To download the inference results, refer to the section below

Download Inference Results

You can download and view the results of the inference job with the following script download_local_llm_results.sh:

#!/bin/bash

source common_variables.sh

JOB_ID=$(curl -s "$BACKEND_URL/api/v1/jobs/" | grep -o '"id":"[^"]*"' | head -n1 | cut -d'"' -f4)
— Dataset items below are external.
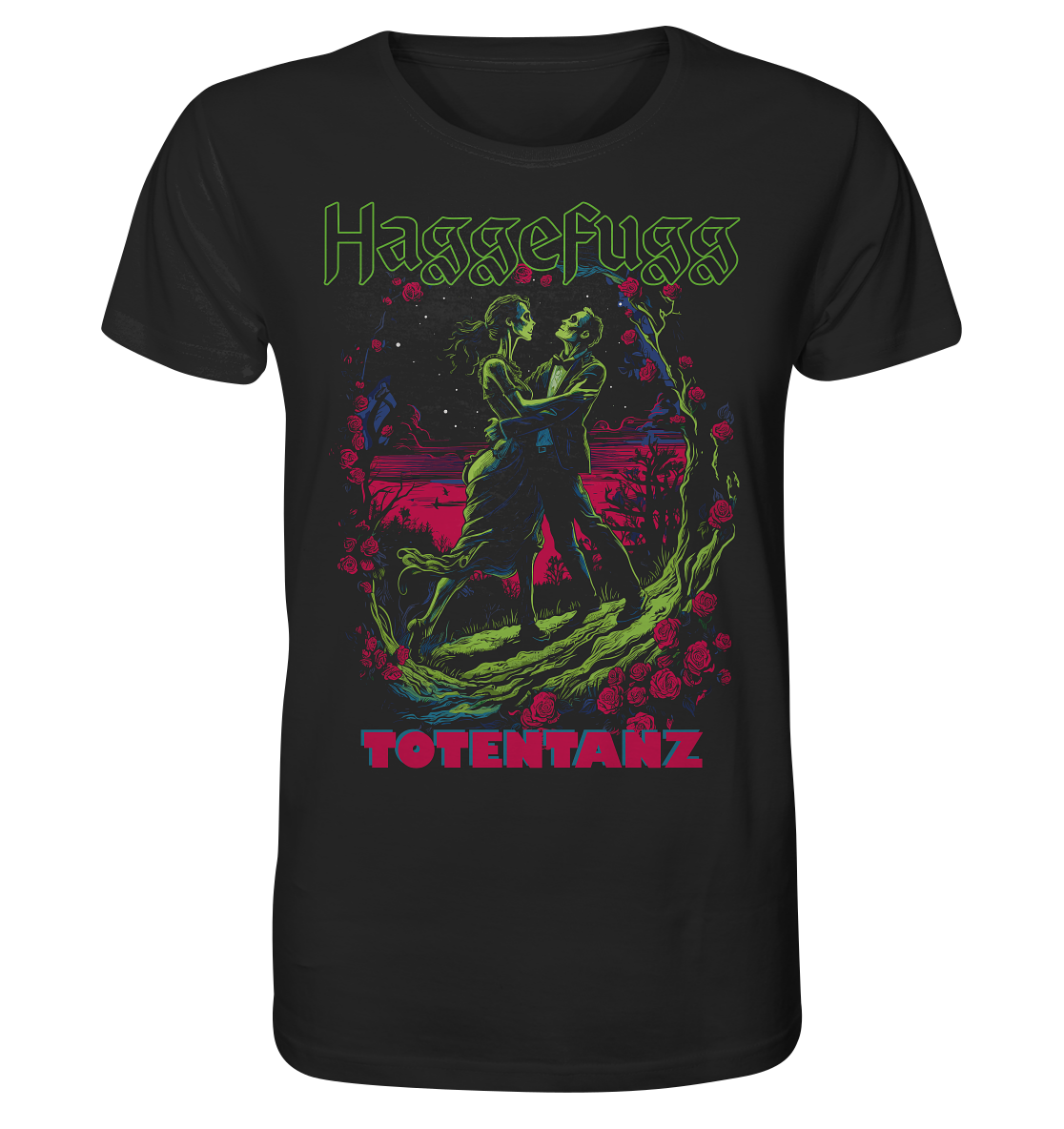 Totentanz - das ausgefallene Motiv-Shirt zum passenden Song des neuen Haggefugg Albums "Tanz und Gloria". Schwing deine müden Knochen! Hochwertige Qualität, aus biologischer und fairer Herstellung. Mit PETA-Zertifizierung für tierfreundliche Produktion. Zeige deine Leidenschaft zur Musik und kleide dich nachhaltig!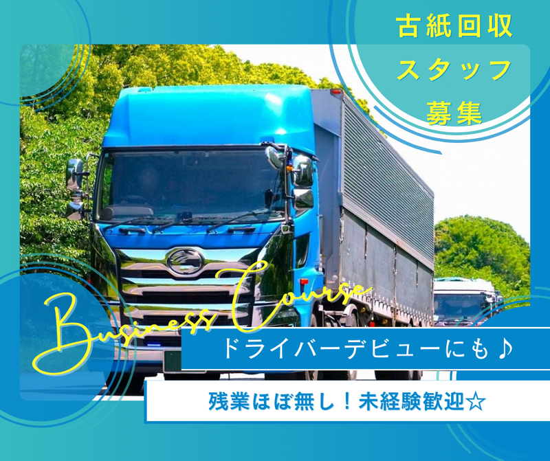 仕事内容 -アピールポイント- ✅【未経験歓迎!】 年齢・学歴・経験不問! ブランクのある方もOK! ✅【ドライバーデビューにも】 丁寧な研修でイチから しっかりサポート! ✅【体も動かせて気分転換にも!】 運転と倉庫内作業の バランス◎ ✅【プライベートも充実!】 残業ほぼなしで ワークライフバランスも◎ |◤ お仕事内容 ◢|  ̄ ̄ ̄ ̄ ̄ ̄ ̄ ̄ ̄ ̄ ̄ ̄ ̄ ̄ ̄ ̄ ̄ ̄ ̄ ● 4tトラックでの古紙の回収・ 選別作業 具体的には… ◆ 古紙の回収 └ 4tトラックで物流会社や新聞社などの 得意先へ向かい、古紙を回収します。 ◆ 古紙の選別 └ 回収した古紙を、倉庫内で 選別する作業です。 *ずっと運転するだけではなく、 程よく体を動かせるので 気分転換にもなります! 【職場環境】 ◆ 未経験からスタートした先輩も 多数活躍中! ◆ 知識や経験は一切問いません。 ⭐経験・スキルを問わずに 活躍可能⭐  ̄ ̄ ̄ ̄ ̄ ̄ ̄ ̄ ̄ ̄ ̄ ̄ ̄ ̄ ̄ ̄ ̄ ̄ ̄ ドライバーや運送業が初めての方も ご安心ください! 中型免許があればOK。 平成19年6月1日以前に取得した普通免許でも応募可能です。 イチから丁寧に指導します。 わからないことがあっても、 先輩スタッフがしっかりサポート するので、安心して業務を始められます。 ⭐1日のスケジュール例⭐  ̄ ̄ ̄ ̄ ̄ ̄ ̄ ̄ ̄ ̄ ̄ ̄ ̄ ̄ ̄ ̄ ̄ ̄ ̄ ▼08:00 出社・朝礼 ▼09:00 古紙の回収 ▼13:00 倉庫内で古紙を選別 ▼16:00 事務作業・翌日の準備 ▼17:00 退社 ⭐キャリアアップについて⭐  ̄ ̄ ̄ ̄ ̄ ̄ ̄ ̄ ̄ ̄ ̄ ̄ ̄ ̄ ̄ ̄ ̄ ̄ ̄ 昇給の機会があり、頑張りは正当に 評価します。 業務に慣れてきたら、 一人ひとりのスキルや経験に応じて、 できる業務の幅を広げていくことができます。 ⭐会社紹介⭐  ̄ ̄ ̄ ̄ ̄ ̄ ̄ ̄ ̄ ̄ ̄ ̄ ̄ ̄ ̄ ̄ ̄ ̄ ̄ 当社は、古紙の回収を通じて、 リサイクル社会の実現に貢献している 会社です。 環境に配慮した事業は、 今後ますます社会から必要とされて いきます。 安定した環境で、社会に貢献できる やりがいのある仕事を始めませんか?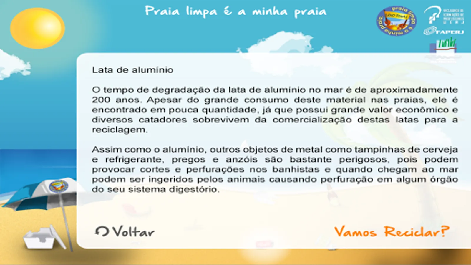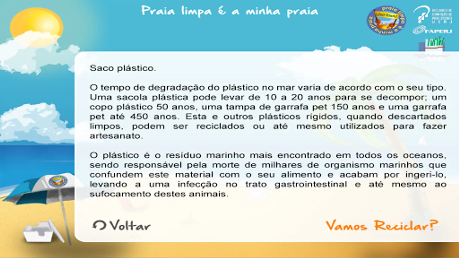 "Praia Limpa é a Minha Praia" is an extension project carried out by the Faculty of Teacher Training of the State University of Rio de Janeiro (UERJ-FFP) and SEA PROJECTS. Its objective is to raise public awareness of the impacts caused by pollution in the coastal environment. Studies are carried out with emphasis on the analysis of the composition, quantification and distribution of garbage, both in the waters of Guanabara Bay and on its beaches".

echo "Looking for $JOB_ID results..."
DOWNLOAD_RESPONSE=$(curl -s $BACKEND_URL/api/v1/jobs/$JOB_ID/result/download)
DOWNLOAD_URL=$(echo $DOWNLOAD_RESPONSE | grep -o '"download_url":"[^"]*"' | sed 's/"download_url":"//;s/"//')

echo "Downloading from $DOWNLOAD_URL..."
   RESULTS_RESPONSE=$(curl -s $DOWNLOAD_URL -H 'Accept: application/json' -H 'Content-Type: application/json')

echo $RESULTS_RESPONSE | python -m json.tool

And the last step is to execute the script:

user@host:~/lumigator$ bash download_local_llm_results.sh

Conclusion

Congratulations. You are now ready to run Lumigator inference on any local LLM of your choice!